I’m praying that maybe Laurel has an alibi — off doin’ Midnight Mass with the Sisters of Mercy. With Laurel, since the divorce, you never know. One night she showed up at our house with a Catholic priest. Nikki was commode-hugging sick, the aftermath from a session of chemo. I was left to entertain Laurel and his eminence in my pajamas at two in the morning. Seems Laurel was feeling particularly sinful that night. She ended up last in line for confession, and afterward with a friend invited their young confessor out to dinner. After doing penance over cocktails, Laurel managed to ditch her female friend and convince her companion in black to loose his collar while they did a few sashays on the dance floor. By the time they reached my house, shit-faced as they were, Laurel was busy putting the bans of celibacy to the ultimate test. There are times when my sister-in-law can be the devil in drag.

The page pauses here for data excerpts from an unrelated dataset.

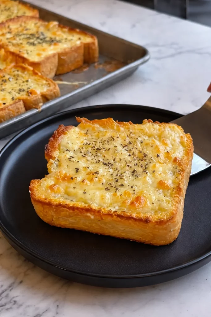 Der Käse-Knoblauch-Toast schmeckt besonders gut zu einer warmen Suppe, einem frischen Salat oder einfach pur als schneller Snack. Wer es noch würziger mag, kann zusätzlich etwas Chili oder italienische Kräuter darüberstreuen.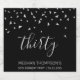 Aidez-la à fêter son 30e anniversaire dans le style avec ce design simple mais élégant, avec des confettis triangulaires en faux argent sifting down sur le mot "trente" en gris clair police d'écriture sur un arrière - plan noir. Personnalisez-le avec le nom de l'honoré en gris clair sans serif, ainsi que l'occasion et la date ci-dessous en gris clair plus petit.
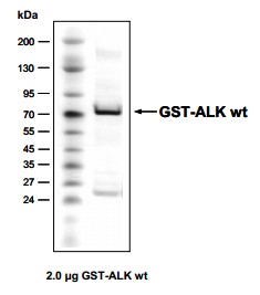 This gene encodes a receptor tyrosine kinase, which belongs to the insulin receptor superfamily. This protein comprises an extracellular domain, an hydrophobic stretch corresponding to a single pass transmembrane region, and an intracellular kinase domain. It plays an important role in the development of the brain and exerts its effects on specific neurons in the nervous system. This gene has been found to be rearranged, mutated, or amplified in a series of tumours including anaplastic large cell lymphomas, neuroblastoma, and non-small cell lung cancer. |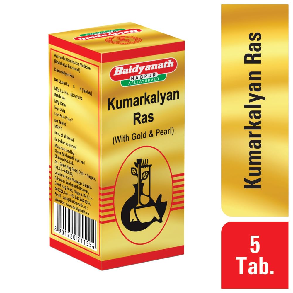 Baidyanath Kumar Kalyan Ras is a classical Ayurvedic formulation traditionally prepared to support the overall well-being of children. This supplement is crafted with carefully selected ingredients that are known in Ayurveda for their beneficial properties. It is designed to help maintain vitality and stamina in children and is also suitable for adults when taken as directed. The formulation is especially indicated for maintaining the health of the liver lungs and stomach making it a versatile supplement for holistic wellness.The recommended dosage for children is ½ to 1 tablet with honey while adults can take 1 tablet with honey or as advised by a physician.
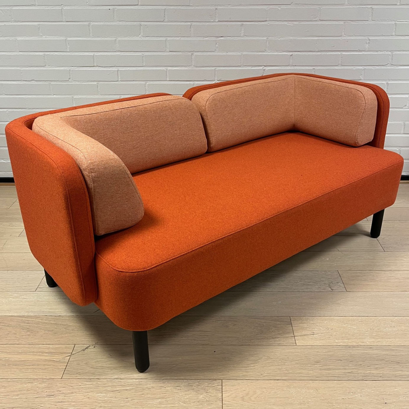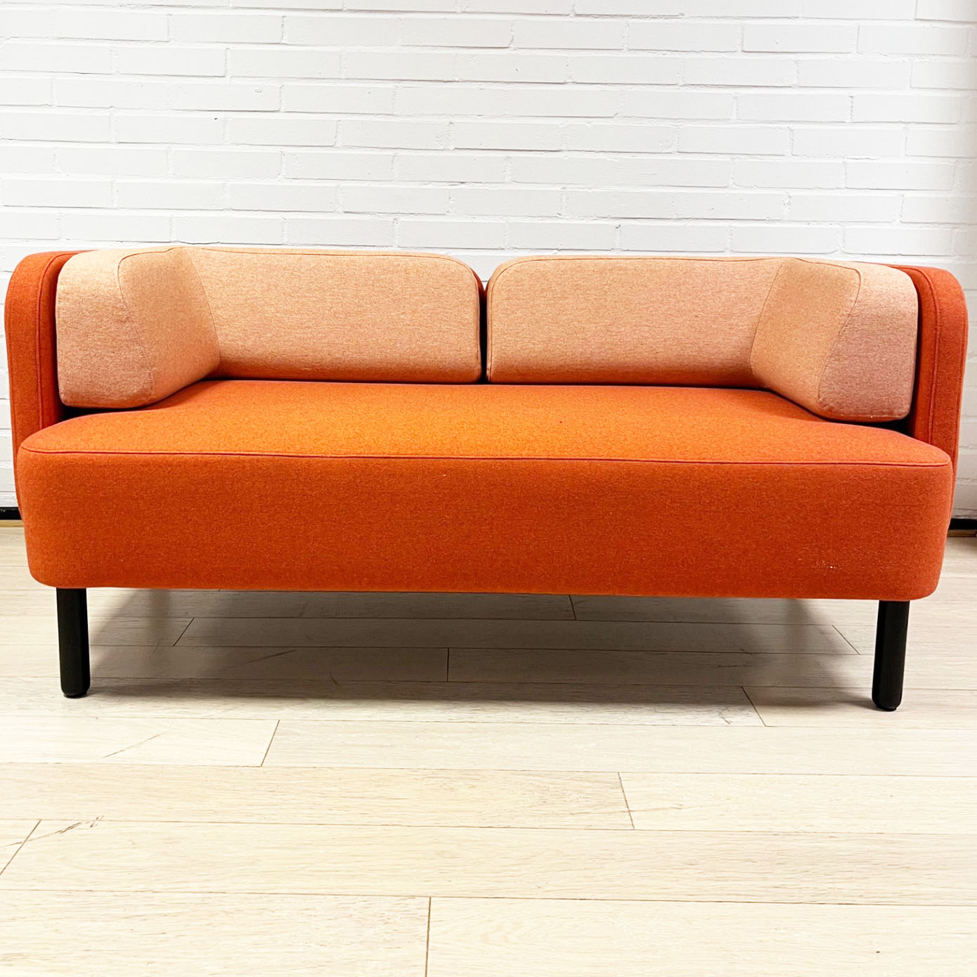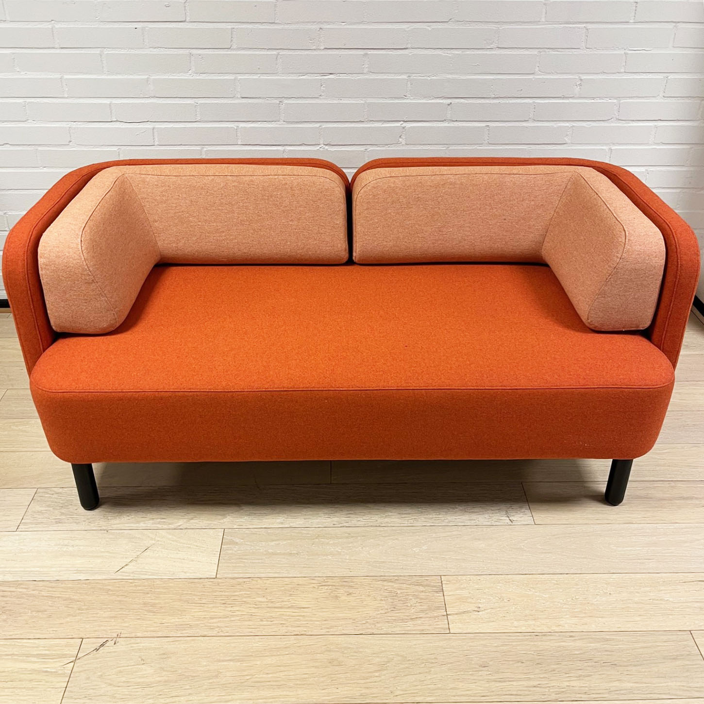 Seat and back in fabric (orange). Legs in wood (black).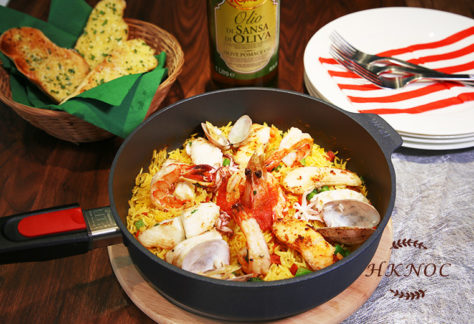 紅花辣肉腸海鮮飯配蒜蓉法包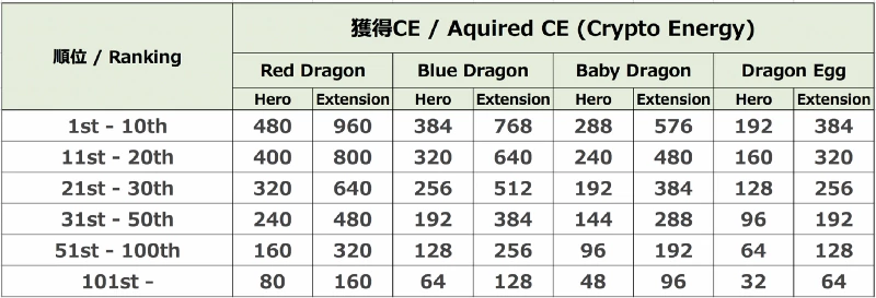 胜利时可以获得的CE量会根据各个决斗以及排名相异。

Still, I don’t think she could kill.

‘Understand you’re related?’ says Colby. She’s looking at me, nodding toward the house behind tape, in bright lights.

I look at Hemple. She gives me an expression, like ‘me and my big mouth.’

‘One-time brother-in-law,’ I tell her. ‘Past tense.’

‘Oh.’ Silence like she’s stumbled over some aging uncle’s peccadillo.

‘You live in the neighborhood?’ I ask her.

‘A few blocks away.’ She nods in a direction over her shoulder somewhere. The years have been kind to her.

‘You?’ she says.

‘Just passing by.’ As this escapes my lips I think, at two in the morning Colby must wonder what tavern I’m coming from. Still, I’m not anxious to advertise that I am here on business, in pursuit of the wayward Laurel, or to feed suspicions that she might be involved in the activities across the street.